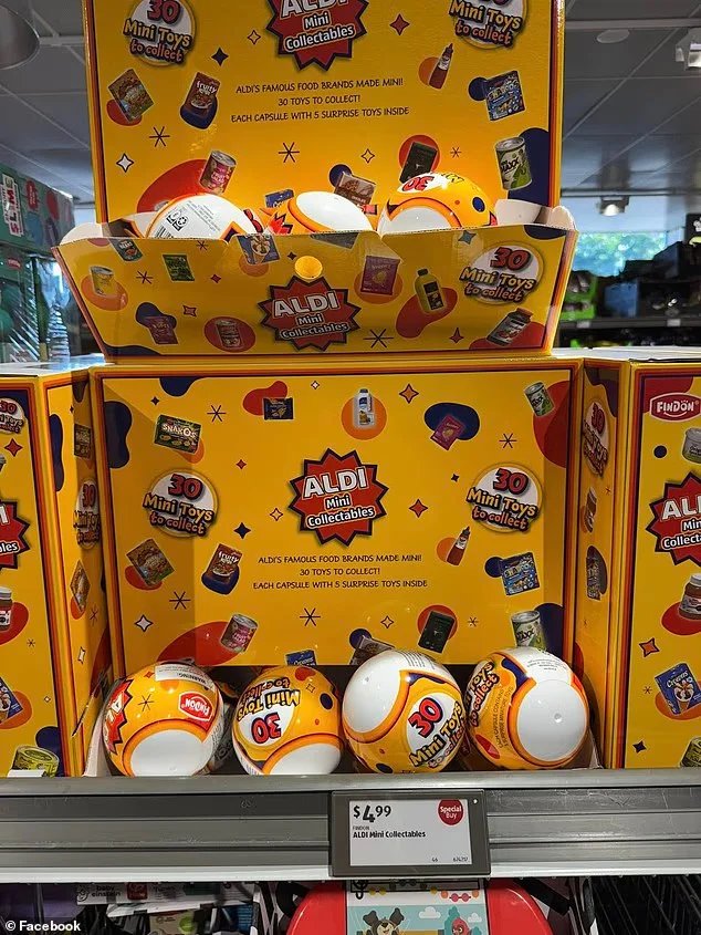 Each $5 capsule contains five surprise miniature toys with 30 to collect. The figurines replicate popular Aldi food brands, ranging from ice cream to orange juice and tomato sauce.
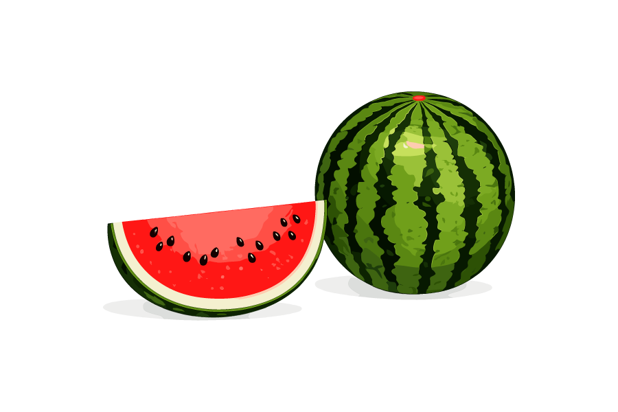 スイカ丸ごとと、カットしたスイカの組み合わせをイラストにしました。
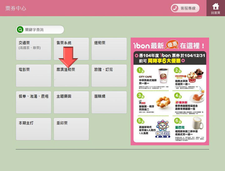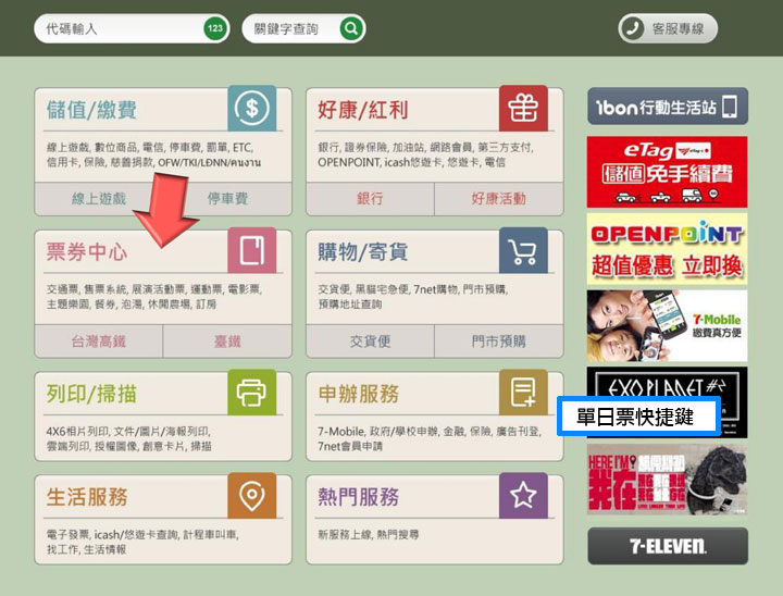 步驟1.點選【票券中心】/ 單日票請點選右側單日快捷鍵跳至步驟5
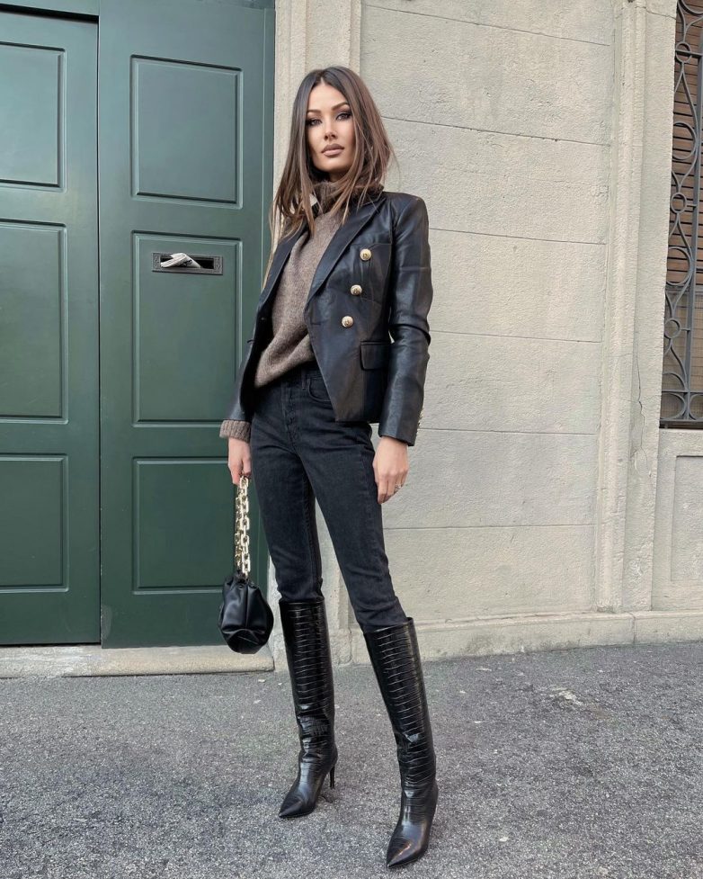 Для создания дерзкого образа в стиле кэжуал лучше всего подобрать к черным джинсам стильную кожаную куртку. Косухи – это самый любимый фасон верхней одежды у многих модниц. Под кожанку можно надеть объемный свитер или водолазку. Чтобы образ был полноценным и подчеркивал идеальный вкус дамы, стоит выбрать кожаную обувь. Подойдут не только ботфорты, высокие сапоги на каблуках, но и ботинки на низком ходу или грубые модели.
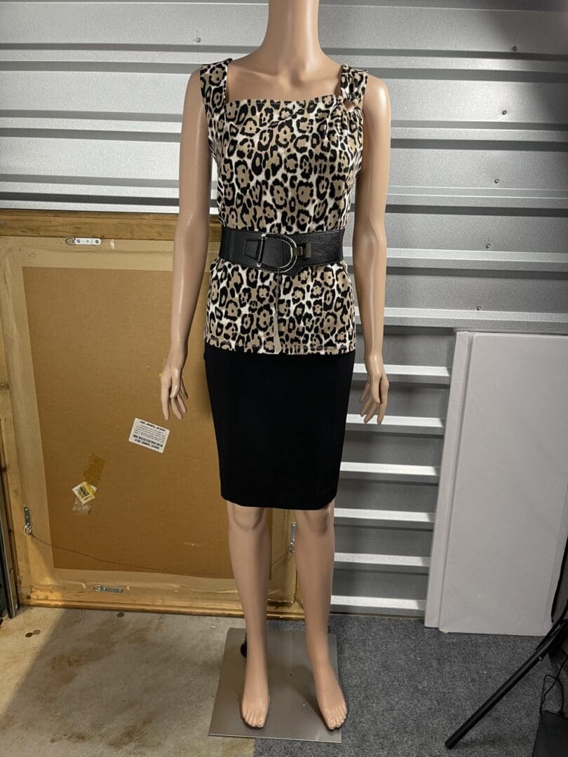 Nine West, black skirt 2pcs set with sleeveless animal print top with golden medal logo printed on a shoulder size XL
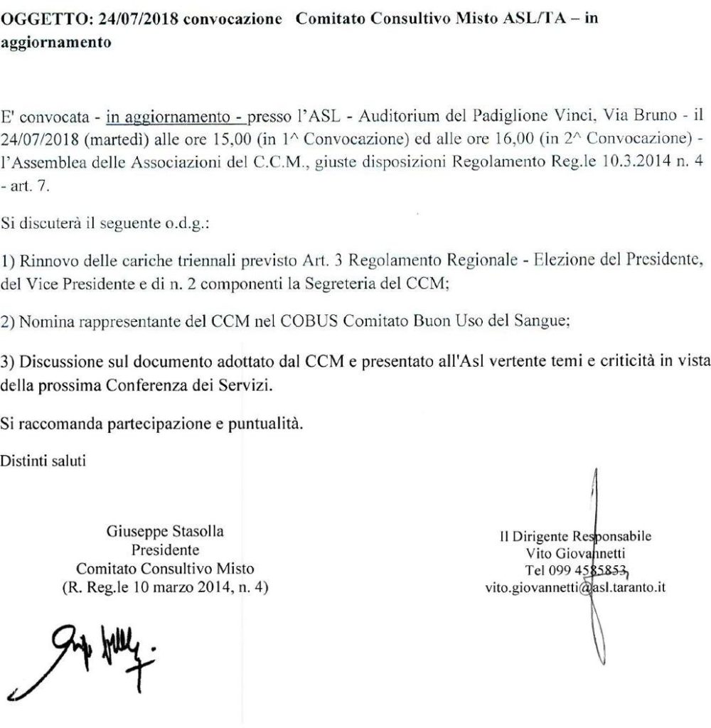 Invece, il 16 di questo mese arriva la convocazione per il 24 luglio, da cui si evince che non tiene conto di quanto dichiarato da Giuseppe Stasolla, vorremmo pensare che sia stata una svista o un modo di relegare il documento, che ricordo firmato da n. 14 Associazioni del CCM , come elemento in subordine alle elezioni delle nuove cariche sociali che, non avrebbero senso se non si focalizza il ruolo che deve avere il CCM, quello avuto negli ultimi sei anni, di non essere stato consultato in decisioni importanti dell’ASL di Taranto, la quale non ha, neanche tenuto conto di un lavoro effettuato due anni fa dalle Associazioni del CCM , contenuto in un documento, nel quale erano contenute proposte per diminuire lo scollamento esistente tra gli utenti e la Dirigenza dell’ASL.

_ _ _ _ _ _ _

[To do]
Leaving out each picture, repeat exactly the lines above from the one that contains "スイカ丸ごとと、カットしたスイカの組み合わせをイラストにしました。" through the one that contains "步驟1.點選【票券中心】/ 單日票請點選右側單日快捷鍵跳至步驟5".

[Task answer]
 スイカ丸ごとと、カットしたスイカの組み合わせをイラストにしました。
 步驟1.點選【票券中心】/ 單日票請點選右側單日快捷鍵跳至步驟5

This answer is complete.